Den Bedarf bei den Eltern sieht die Awo Bad Langensalza deutlich. „Wir haben Eltern, die im Klinikum oder der Gastronomie arbeiten und deshalb längere Öffnungszeiten befürworten. Sie stehen mitunter vor Schwierigkeiten, ihre Kinder unterzubringen“, sagt Constanze Stollberg-Ho, Geschäftsführerin der Awo Bad Langensalza.
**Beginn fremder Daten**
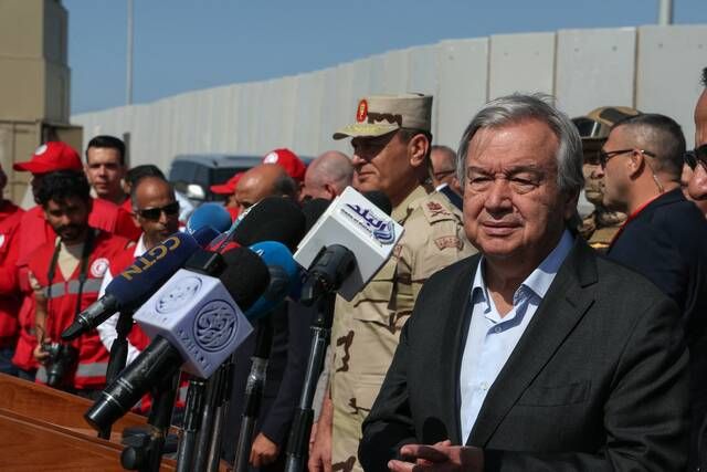 وحث غوتيريش في تصريح له، جميع الدول على استخدام نفوذها لإنهاء العدوان المأساوي على قطاع غزة، ودعم اتخاذ خطوات لا رجعة فيها نحو "المستقبل المستدام الوحيد للمنطقة"، وفقا لوكالة أنباء السعودية "واس".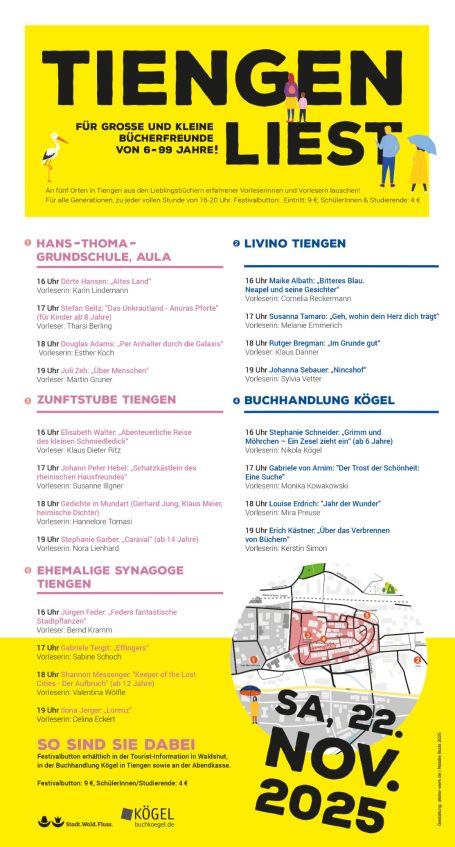 Eintritt: 9 €/erm. 4 €, VVK: Tourist-Information in Waldshut, Buchhandlung Kögel in Tiengen und an der Abendkasse.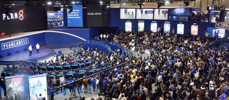 | ▲ 국내 최대 게임전시회인 '지스타 2019'가 개막한 14일 부산 해운대구 벡스코 행사장 내 한 게임업체 부스에서 신작 게임 발표회가 진행되고 있다. 총 30개국의 게임관련 업체 600여 곳이 참가했다.(사진=newsis) |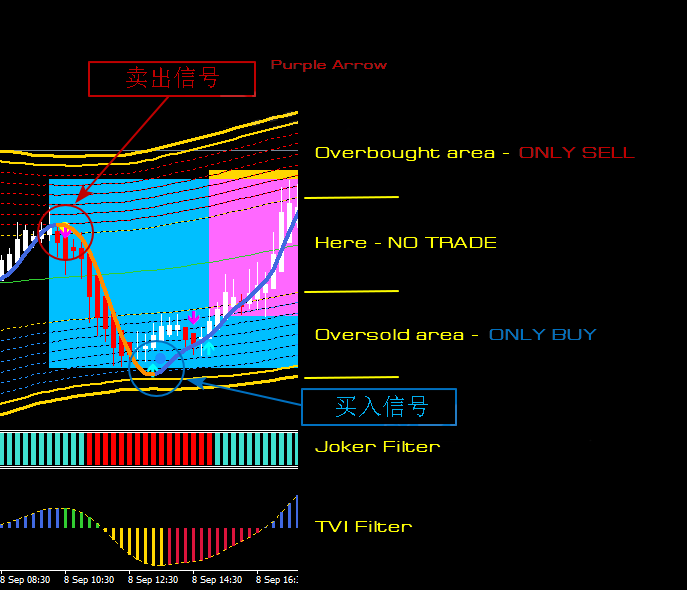 如果你更谨慎地处理交易信号,你可以使用这个策略中提供的额外过滤器,并等待Joker Filter和TVI Filter对主要信号的确认。此外,你还可以使用图表右侧的信息面板来监控其他时间框架的趋势情况。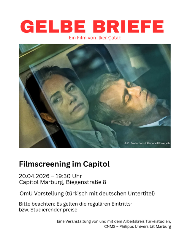 Der Arbeitskreis Türkeistudien lädt herzlich zu einem gemeinsamen Filmscreening ein. Gezeigt wird der Spielfilm Gelbe Briefe (türk. Sarı Zarflar von İlker Çatak. Der Film wird im Originalton (Türkisch) mit deutschen Untertiteln (OmU) gezeigt.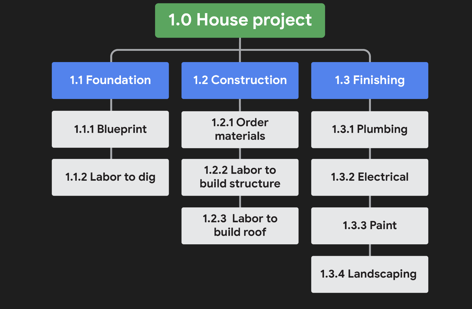 Let’s examine how this happens. David is a project manager responsible for a home construction project. Let’s check out his Work Breakdown Structure (WBS):

Familien, deren Berufsalltag sich nicht mit regulären Geschäftszeiten deckt, wolle man gezielt zur Kita am Jüdenhügel lenken. „Wir stehen am Anfang. Ich bin überzeugt, je populärer das Programm wird, desto mehr Familien werden es nutzen“, blickt Constanze Stollberg-Ho voraus. Auf den Gemeinden werde der Bedarf nicht so hoch sein. In der Stadt verhalte sich das aber anderes.

Dort arbeitet nun ein Team um Kita-Leiterin Anett Hildebrandt und Projektberaterin Anja Liebscher an der pädagogischen Konzeption. „Das Kind braucht morgens vielleicht eine Ruhephase und abends ist Zeit für Geschichten“, nennt Anett Hildebrandt Beispiele. „Wir erproben jetzt viel, werten aus, nehmen uns die Zeit mit den Eltern als Experten für ihre Kinder.“ Das Wohl der Kleinen stehe dabei immer im Mittelpunkt.

„Es geht nicht darum, dass die Kinder insgesamt länger in der Kita bleiben“, betont Anett Hildebrandt. „Es geht um eine Verschiebung der Betreuungszeit, die Eltern und Kindern zugute kommt.“ So merke man bereits jetzt, dass Mütter morgens nicht mehr hetzen müssen, um den Nachwuchs rechtzeitig zu bringen. „Es gibt wieder Zeit für einen entspannten Abschied. Wenn der Papa wochentags auf Montage ist, können Elterngespräche jetzt samstags stattfinden“, so Anett Hildebrandt.

Knirpse bleiben insgesamt nicht länger

Keinen Bedarf sieht das Priorats für Kultur und Soziales, das vier Kitas in Mühlhausen und beispielsweise die in Ballhausen betreibt. „Wir sind in dieser Beziehung ein gebranntes Kind“, sagt Geschäftsführer Thomas Baier. Vor einigen Jahren habe man auf Verlangen von etwa 20 Eltern die Kita „Butzemannhaus“ samstags geöffnet. Letztlich sei dieses Angebot in einem halben Jahr zweimal in Anspruch genommen worden.